EXERCISE INPUT:
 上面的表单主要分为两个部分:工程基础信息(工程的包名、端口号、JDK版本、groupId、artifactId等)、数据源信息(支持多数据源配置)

---

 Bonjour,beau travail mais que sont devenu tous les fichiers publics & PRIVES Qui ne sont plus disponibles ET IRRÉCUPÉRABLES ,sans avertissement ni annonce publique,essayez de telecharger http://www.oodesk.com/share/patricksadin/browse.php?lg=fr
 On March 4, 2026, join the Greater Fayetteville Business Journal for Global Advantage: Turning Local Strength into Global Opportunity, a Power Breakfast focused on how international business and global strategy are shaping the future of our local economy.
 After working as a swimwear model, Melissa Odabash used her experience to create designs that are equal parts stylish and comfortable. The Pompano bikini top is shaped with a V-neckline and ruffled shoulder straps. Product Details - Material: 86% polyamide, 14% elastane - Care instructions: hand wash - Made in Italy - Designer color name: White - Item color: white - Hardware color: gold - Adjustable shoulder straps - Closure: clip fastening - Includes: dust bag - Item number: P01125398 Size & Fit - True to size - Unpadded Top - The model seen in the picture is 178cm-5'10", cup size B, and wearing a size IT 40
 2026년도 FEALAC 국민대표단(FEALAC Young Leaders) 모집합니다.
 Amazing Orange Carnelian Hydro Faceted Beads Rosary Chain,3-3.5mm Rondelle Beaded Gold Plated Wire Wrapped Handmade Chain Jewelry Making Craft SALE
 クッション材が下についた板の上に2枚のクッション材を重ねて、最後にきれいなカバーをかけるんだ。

TASK BRIEF:
What do the lines above say from the one containing "Amazing Orange Carnelian" down to the one containing "クッション材が下についた板の"? Return them exactly, both end lines included, and only them.

TASK RESULT:
 Amazing Orange Carnelian Hydro Faceted Beads Rosary Chain,3-3.5mm Rondelle Beaded Gold Plated Wire Wrapped Handmade Chain Jewelry Making Craft SALE
 クッション材が下についた板の上に2枚のクッション材を重ねて、最後にきれいなカバーをかけるんだ。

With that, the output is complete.